Azomite huh, I've been using it for the past 2 years lol. I've used it in planted tanks, shrimp tanks, even in a cichlid tank. Azomite powder helps to boost fishes immune system to fight off parasites, disease, as well as boost the overall growth. For shrimp it helps immune system as well, but also helps to strengthen their exoskeleton and boost overall growth.

For aquatic plants Azomite supplies a mineral rich additive, helps to boost the plants ability to fight off parasites, and gives great overall growth.

Now here's the *WARNING* about Azomite in the planted tank.

Azomite is a potent substance, meaning that if you add too much too fast your plants will start dying off. I use 1/4 teaspoon of Azomite powder per 55 gallons of water once a month, that's right ONCE a month in my 55 gallon tank.

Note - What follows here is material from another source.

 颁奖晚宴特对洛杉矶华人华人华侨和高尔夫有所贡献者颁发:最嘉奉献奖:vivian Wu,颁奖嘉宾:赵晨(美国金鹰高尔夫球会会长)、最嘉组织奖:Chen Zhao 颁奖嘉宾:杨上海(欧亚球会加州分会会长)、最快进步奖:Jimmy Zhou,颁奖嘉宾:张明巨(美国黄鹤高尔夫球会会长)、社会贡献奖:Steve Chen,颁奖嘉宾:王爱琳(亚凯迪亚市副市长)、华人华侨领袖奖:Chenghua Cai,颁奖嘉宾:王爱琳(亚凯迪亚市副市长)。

I've settled on this amount because I've done test using more, and using it often to see the results. 1/4 teaspoon once per month I found to be the right amount without any loss of plants, and livestock.


Azomite powder guaranteed analysis


----------



## BriDroid (Oct 7, 2012)

How is it's solubility in water? If I were to does 1/4 tsp dry, does it dissolve as quickly as other dry ferts or is it more like calcium sulfate, where it kind of sits around for a few hours?

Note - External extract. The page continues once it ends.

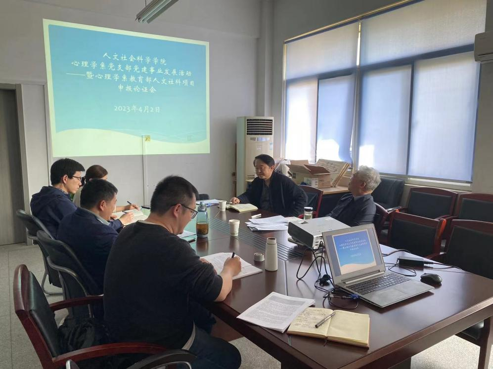 本网讯 4月2日下午,人文社会科学学院心理学系在407办公室举行2023年教育部人文社科基金项目申报论证会。校高教所所长方明、院长黄洪雷应邀出席论证会并做一对一辅导,心理学系负责人和相关申报老师参加论证会。论证会由副院长滕瀚主持。

I'm really tempted to try this out!


----------



## xxUnRaTeDxxRkOxx (Jul 12, 2011)

I dose it dry ever month, I just drop right into the current of the outflow from my canister filter and walk off. The current breaks it up, so I'd say it's like dosing other dry ferts. So far I have no complaints once I dialed in the right amount to dose, I had an Anubias Nana that went from 2" across leaf growth to 4" across and almost 8" long.


----------



## happi (Dec 18, 2009)

xxUnRaTeDxxRkOxx said:


> I dose it dry ever month, I just drop right into the current of the outflow from my canister filter and walk off. The current breaks it up, so I'd say it's like dosing other dry ferts. So far I have no complaints once I dialed in the right amount to dose, I had an Anubias Nana that went from 2" across leaf growth to 4" across and almost 8" long.


 
do you have a picture of your tank you used it on?


----------



## Zapins (Jan 7, 2006)

I suspect that CSM+B is missing those elements because most are not essential for plant growth.

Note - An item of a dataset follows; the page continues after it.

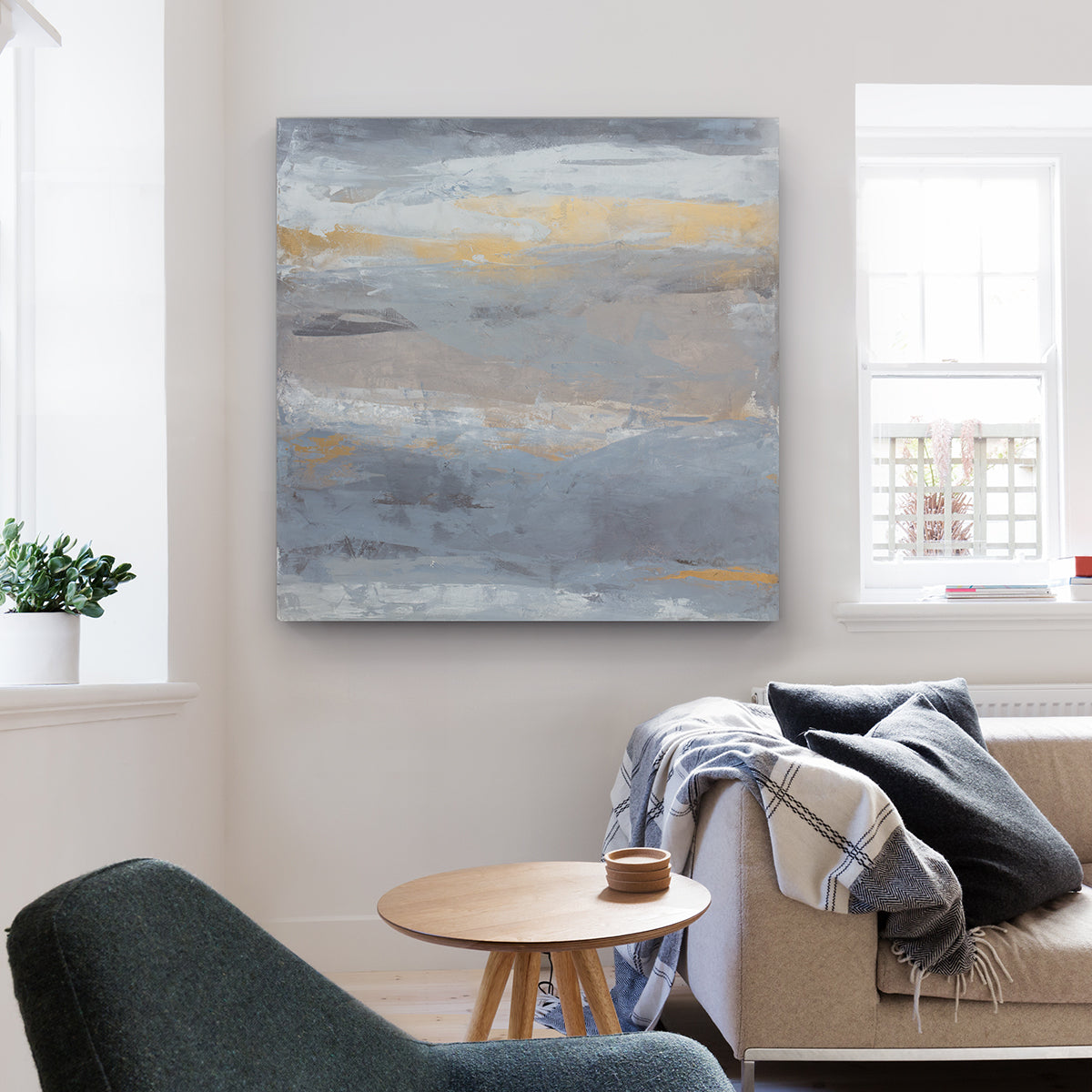 Soft and neutral warm and cool tones layer over one another to create this soothing abstract composition.

Chlorine is probably present in one of the salts used to make up one of the other components in CSM+B, something like CaCl2, so it is probably there.

Sodium, cobalt, silicon and selenium can be beneficial to some plant species but they are not essential or even necessary for growth.

Rubidium and vanadium, are not even beneficial for most plants and they are not essential. So you don't need to worry about a vanadium deficiency 










From:
http://www.soils.wisc.edu/~barak/soilscience326/listofel.htm


----------



## FlyingHellFish (Nov 5, 2011)

Wouldn't buying a bottle of Flourish be the easy way to add those elements?


----------



## xxUnRaTeDxxRkOxx (Jul 12, 2011)

happi said:


> do you have a picture of your tank you used it on?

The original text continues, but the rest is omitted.